Jason Lewry

Personal information
- Full name: Jason David Lewry
- Born: 2 April 1971 (age 55) Worthing, Sussex, England
- Height: 6 ft 3 in (1.91 m)
- Batting: Left-handed
- Bowling: Left-arm fast-medium

Domestic team information
- 1994–2009: Sussex

Career statistics
| Competition | FC | LA | T20 |
| Matches | 187 | 79 | 11 |
| Runs scored | 1,834 | 217 | 10 |
| Batting average | 10.13 | 7.48 | 3.33 |
| 100s/50s | 0/2 | 0/0 | 0/0 |
| Top score | 72 | 16* | 8* |
| Balls bowled | 31,896 | 3,579 | 197 |
| Wickets | 621 | 100 | 14 |
| Bowling average | 27.10 | 27.68 | 17.07 |
| 5 wickets in innings | 31 | 0 | 0 |
| 10 wickets in match | 4 | 0 | 0 |
| Best bowling | 8/106 | 4/29 | 3/34 |
| Catches/stumpings | 52/– | 13/– | 4/– |
- Source: Cricinfo, 31 October 2009

= Jason Lewry =

English cricketer

Jason Lewry (born 2 April 1971) is an English former cricketer. He was a left-handed batsman and a left-arm fast-medium bowler. Born in Worthing, he played for Sussex from the beginning of his career in 1994 until his retirement in 2009, a career spanning 16 years, in spite of numerous injuries.

== Career ==

Lewry began his first-class career at Sussex in 1994, and spent his whole career with Sussex. He had been successful for Goring Cricket Club in 1993, and had also played for the Duchess of Norfolk's XI against the Marylebone Cricket Club (MCC) at Arundel Castle.

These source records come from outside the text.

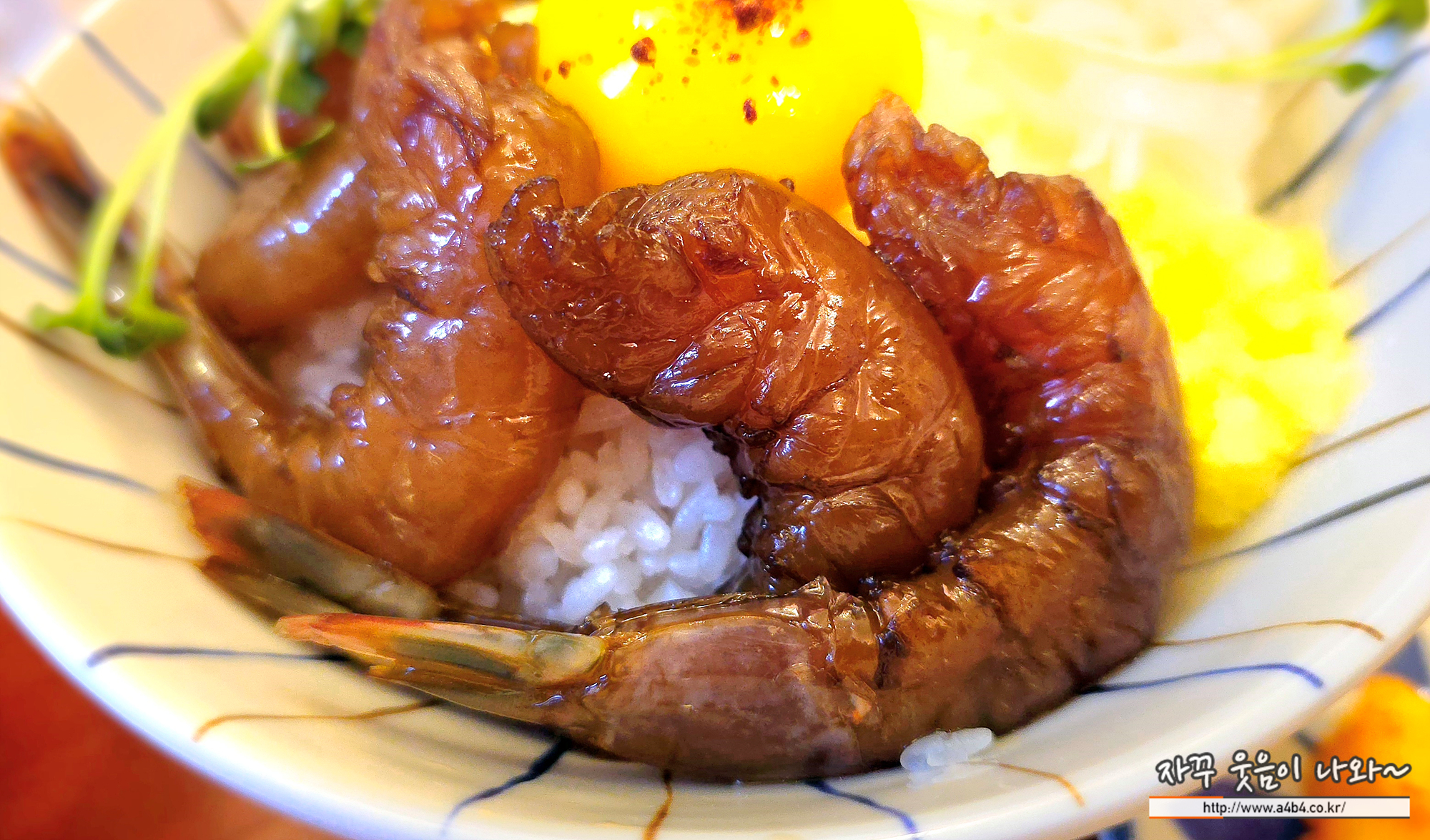 통통하면사 짭짤한 맛을 보여주는 간장새우 다섯 마리와 계란 노른자, 토핑들이 올려 있습니다.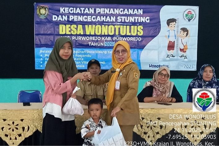 Kegiatan ini merupakan upaya berkelanjutan Pemerintah Desa Wonotulus dalam menekan angka stunting serta meningkatkan kualitas kesehatan ibu dan anak. Dalam kegiatan tersebut, diberikan dukungan dan bantuan gizi kepada 6 orang ibu hamil (Bumil) serta 12 balita yang menjadi sasaran program.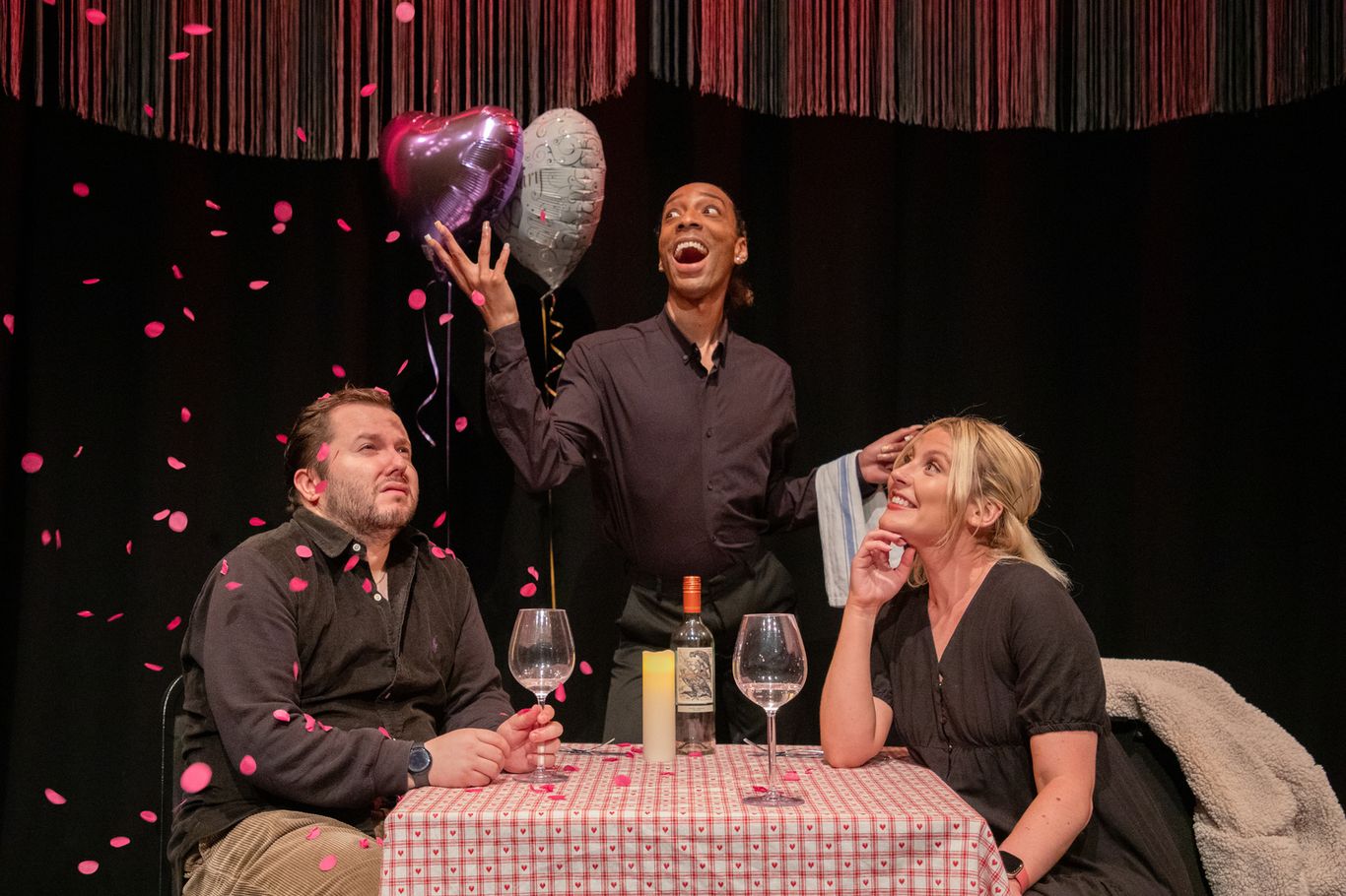 The play opens with Sam's character, Ben on the worst nightmare of all date nights. Helen, his partner of 15 years, played beautifully by Megan Edmondson, is anticipating a long-expected, but elusive marriage proposal while out on their anniversary dinner. Instead, Ben announces that he is bisexual, ends their relationship, flirts with the waiter, and…well, let’s say he gets to dessert before the end of the meal! As if all of that wasn’t complex enough, after Ben’s shock revelation, Helen announces that she is pregnant!

In 1996, he played for a "Rest of England" side in 1996, and was a possibility for the 1996 England A tour, until he suffered an injury—later diagnosed as a stress fracture in his back. Lewry did not bowl for 22 months, and missed the entire 1997 season.

Lewry returned to cricket in 1998, and in a match against Gloucestershire, he took a hat-trick with deliveries in two innings. He took the wicket of Mike Smith to end Gloucestershire's first innings, and then with the first two balls of their second innings, he took the wickets of Nick Trainor and Dominic Hewson, to complete his hat-trick. He took 60 Championship wickets in the season, and in 1998/99 was selected for an England A tour of South Africa and Zimbabwe. Lewry played two matches, against Zimbabwe Cricket Union President's XI, and Zimbabwe A, but was forced to return to England early, due to a troublesome shoulder that required surgery. On the tour, Lewry had also suffered knee problems and food poisoning. He never played for England teams again, and when fellow left-armer Ryan Sidebottom was chosen ahead of him for the England team in 2001, this signalled the end of his international career.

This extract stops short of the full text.